Fast pruning of arbitrary graphs.
Clone repository:
git clone https://github.com/fgvieira/prune_graph.git
and compile:
cargo build --release
To run the tests:
cargo test
./target/release/prune_graph --in input.tsv --out out.keep
or:
zcat input.tsv.gz | ./target/release/prune_graph > out.keep
To plot the graph (optional)
cat out.dot | dot -Tsvg > out.svg
If you want to get a full list of option, just run:
./target/release/prune_graph --help
As input, you need a TSV
file (with or without header) with, at least, three columns.

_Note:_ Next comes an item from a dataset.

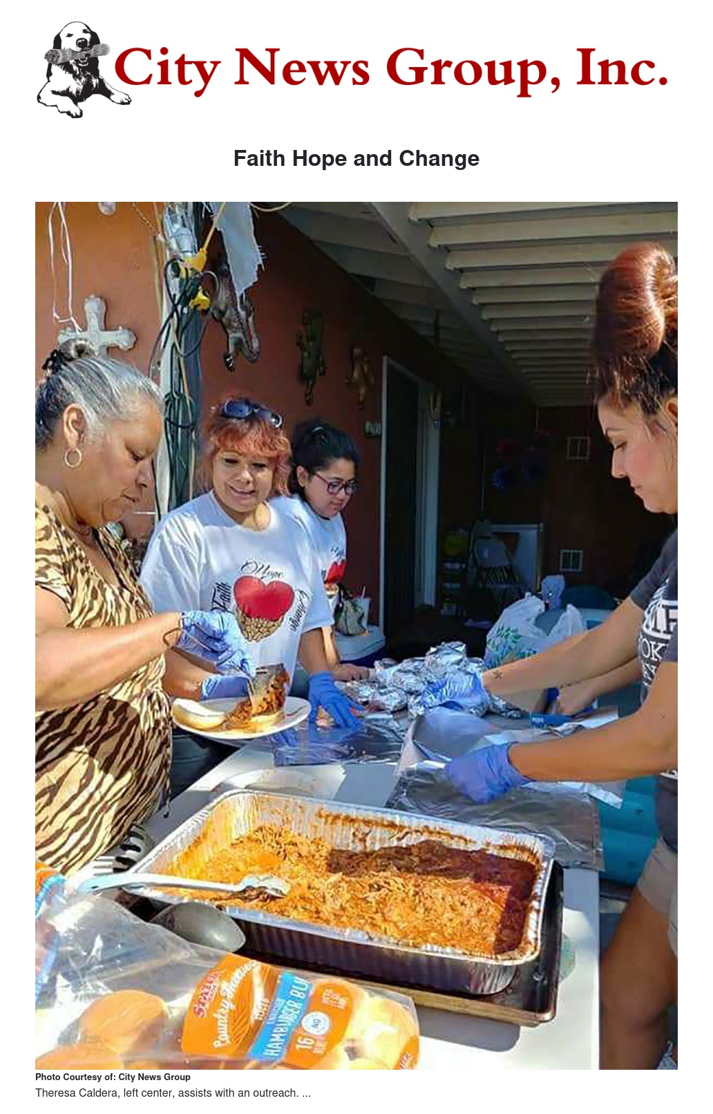 Faith Hope and Change is a non-profit organization that was started in April 2019 by Theresa Caldera and Senovia Medina. The two met when Caldera was volunteering through another non-profit organization in San Bernardino that fed the homeless.

The first two columns must be the node names (defining an edge), and an additional column with the edge's weight (can be specified with --weight_field
).
If you want to transform input data, you can use any CSV manipulation tool (e.g. Miller or CSVtk). For example, to use absolute values on column 5
:
cat test/example.tsv | mlr --tsv --implicit-csv-header put '$5 = abs($5)' | ./target/release/prune_graph --header [...]
To filter edges, you can use option --weight-filter
with any expression supported by fasteval. For example, to use column 7 as weight and only consider edges > 0.2
:
cat test/example.tsv | ./target/release/prune_graph --weight-field "column_7" --weight-filter "column_7 > 0.2" --out out.keep
or, if also wanted to filter on column_3 > 1000
:
cat test/example.tsv | ./target/release/prune_graph --weight-field "column_7" --weight-filter "column_3 > 1000 && column_7 > 0.2" --out out.keep
or, if you want to only use 0.1 < weight > 0.2
:
cat test/example.tsv | ./target/release/prune_graph --weight-field "column_7" --weight-filter "column_3 > 1000 && (column_7 < 0.1 || column_7 > 0.2)" --out out.keep
The output will be a list of the remaining nodes after pruning. Optionally, you can also get a list of the nodes that were removed (--out-excl
).